(Records from a dataset)
Segment Open

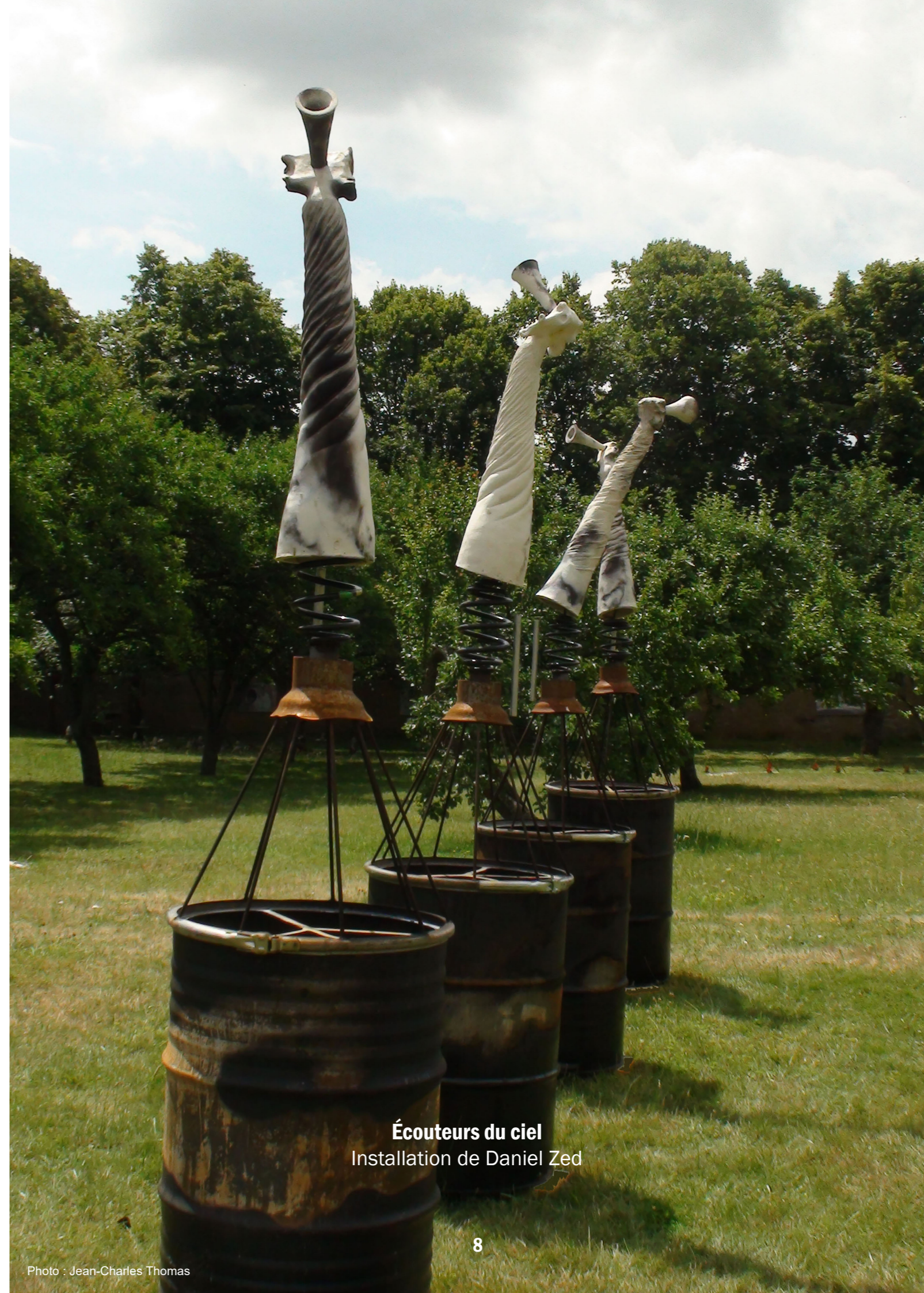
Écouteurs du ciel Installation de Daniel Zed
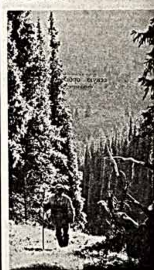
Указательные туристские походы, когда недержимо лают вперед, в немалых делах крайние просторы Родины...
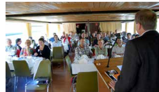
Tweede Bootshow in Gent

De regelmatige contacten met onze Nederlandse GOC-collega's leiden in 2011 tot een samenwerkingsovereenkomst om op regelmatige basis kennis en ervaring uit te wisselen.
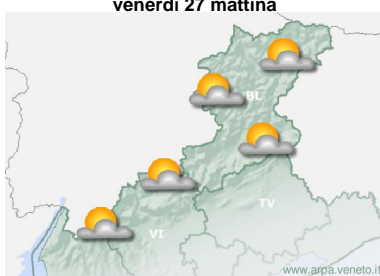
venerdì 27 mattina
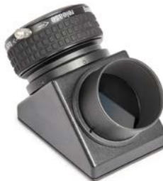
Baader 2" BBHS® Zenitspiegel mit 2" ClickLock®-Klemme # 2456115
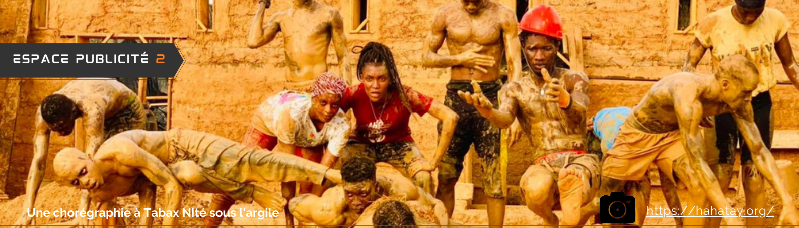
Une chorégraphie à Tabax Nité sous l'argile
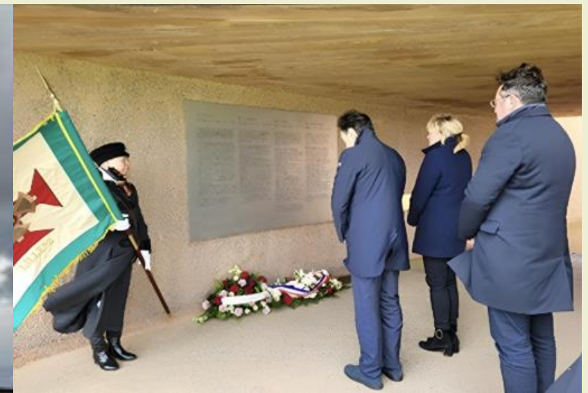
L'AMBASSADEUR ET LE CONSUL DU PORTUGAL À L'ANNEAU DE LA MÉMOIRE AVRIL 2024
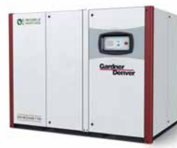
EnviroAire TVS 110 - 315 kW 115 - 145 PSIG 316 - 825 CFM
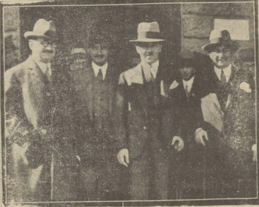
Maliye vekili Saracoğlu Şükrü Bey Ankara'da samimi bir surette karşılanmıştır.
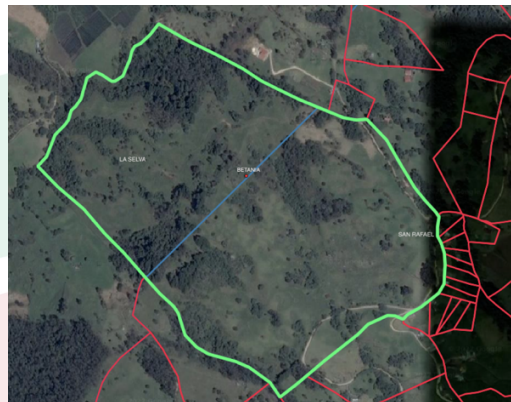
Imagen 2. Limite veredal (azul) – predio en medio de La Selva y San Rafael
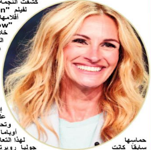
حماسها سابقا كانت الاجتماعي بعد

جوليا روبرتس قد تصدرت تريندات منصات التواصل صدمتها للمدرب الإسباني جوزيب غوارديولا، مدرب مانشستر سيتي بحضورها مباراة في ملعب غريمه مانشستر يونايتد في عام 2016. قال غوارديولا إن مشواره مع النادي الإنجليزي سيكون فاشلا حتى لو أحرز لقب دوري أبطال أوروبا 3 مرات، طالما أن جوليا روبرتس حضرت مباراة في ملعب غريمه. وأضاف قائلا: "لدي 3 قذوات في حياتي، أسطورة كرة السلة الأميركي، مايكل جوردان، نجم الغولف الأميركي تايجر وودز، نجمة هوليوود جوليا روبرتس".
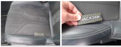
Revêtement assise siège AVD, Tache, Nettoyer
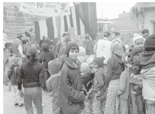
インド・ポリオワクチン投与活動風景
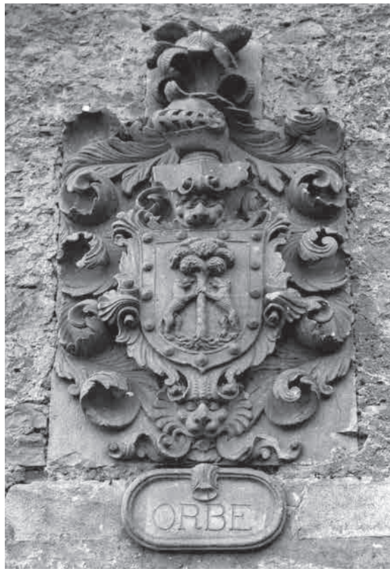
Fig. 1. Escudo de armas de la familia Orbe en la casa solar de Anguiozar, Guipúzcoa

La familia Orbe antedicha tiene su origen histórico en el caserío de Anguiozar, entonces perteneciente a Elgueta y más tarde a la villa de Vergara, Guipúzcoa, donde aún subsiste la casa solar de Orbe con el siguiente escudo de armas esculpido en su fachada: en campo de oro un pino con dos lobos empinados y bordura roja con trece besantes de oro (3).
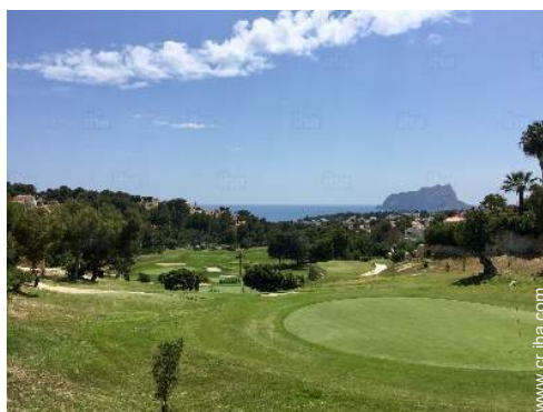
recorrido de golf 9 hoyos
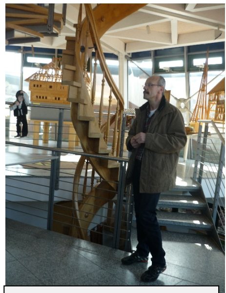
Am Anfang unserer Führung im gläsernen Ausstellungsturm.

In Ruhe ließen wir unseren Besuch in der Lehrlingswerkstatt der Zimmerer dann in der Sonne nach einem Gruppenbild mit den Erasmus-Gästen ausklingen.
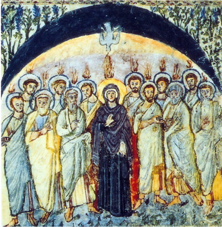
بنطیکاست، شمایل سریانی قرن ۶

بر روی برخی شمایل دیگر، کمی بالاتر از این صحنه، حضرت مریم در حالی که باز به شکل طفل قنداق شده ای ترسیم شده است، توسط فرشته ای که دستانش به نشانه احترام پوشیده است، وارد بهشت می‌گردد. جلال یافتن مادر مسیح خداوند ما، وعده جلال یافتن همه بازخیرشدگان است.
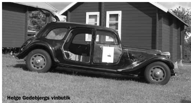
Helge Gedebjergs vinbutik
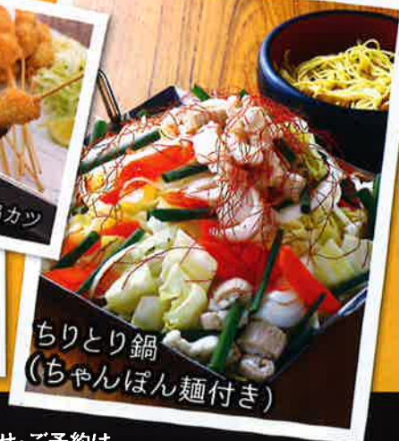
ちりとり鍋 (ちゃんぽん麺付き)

Segment Closed

## [TASK GOAL]
Here the job is to copy the stretch of records from the line containing "ClickLock®-Klemme # 2456115" through the line containing "حماسها سابقا كانت الاجتماعي بعد", word for word. Leave every picture out.

## [EXERCISE OUTPUT]
Baader 2" BBHS® Zenitspiegel mit 2" ClickLock®-Klemme # 2456115
Une chorégraphie à Tabax Nité sous l'argile
L'AMBASSADEUR ET LE CONSUL DU PORTUGAL À L'ANNEAU DE LA MÉMOIRE AVRIL 2024
EnviroAire TVS 110 - 315 kW 115 - 145 PSIG 316 - 825 CFM
Maliye vekili Saracoğlu Şükrü Bey Ankara'da samimi bir surette karşılanmıştır.
Imagen 2. Limite veredal (azul) – predio en medio de La Selva y San Rafael
حماسها سابقا كانت الاجتماعي بعد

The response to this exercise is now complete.